The new law said Realtors weren’t obligated to disclose that a seller had AIDS, and it was quickly adopted by several other states. The problem was solved.

So today, do we need our government to step in again and write another law that specifically exempts Realtors from disclosing to their potential buyers that a holy mosque of Muslims–followers of a religion that represents about half of the world’s people, but (like gays) represent only about 10 percent of the U.S. population–is within a few blocks from the buyer’s home?

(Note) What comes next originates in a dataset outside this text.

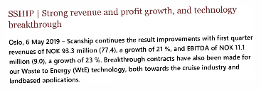 Ich finde auf der Internetseite sind alle Informationen die man braucht. In welchen Bereichen die Firma tätig ist und vor allem regelmäßige Quartalszahlen und Jahresabschlüsse. Müllverarbeitung ist auf der ganzen Welt ein Thema. Scanship stellt daraus noch Energy her zur CO2 Einsparung. Gerade auf Schiffen und in der Rückgewinnungen in der Wasserversorgung liegt die Zukunft.

Personally, I don’t think that such a disclosure is needed. The overwhelming majority of Muslims are law-abiding citizens, and were as appalled by the attacks of Osama Bin Laden’s handpicked band of lunatics as you and I.

I’m certain that some people hate Muslims, and wouldn’t want to live in a neighborhood where there’s a mosque.

But then again, there are other people who hate blacks, Mexicans, Catholics or Jews. Yet, it would be downright unethical (and quite possibly illegal) for a Realtor to mention in a sale contract that, “Buyer is aware that there is a black family on the block,” or that “Buyer is informed that a Jewish synagogue is within 100 yards of the property.”

Muslims and their places of worship shouldn’t be treated any differently. We don’t need another law or new disclosure requirement here, but we sure could use a turban-sized heap of understanding.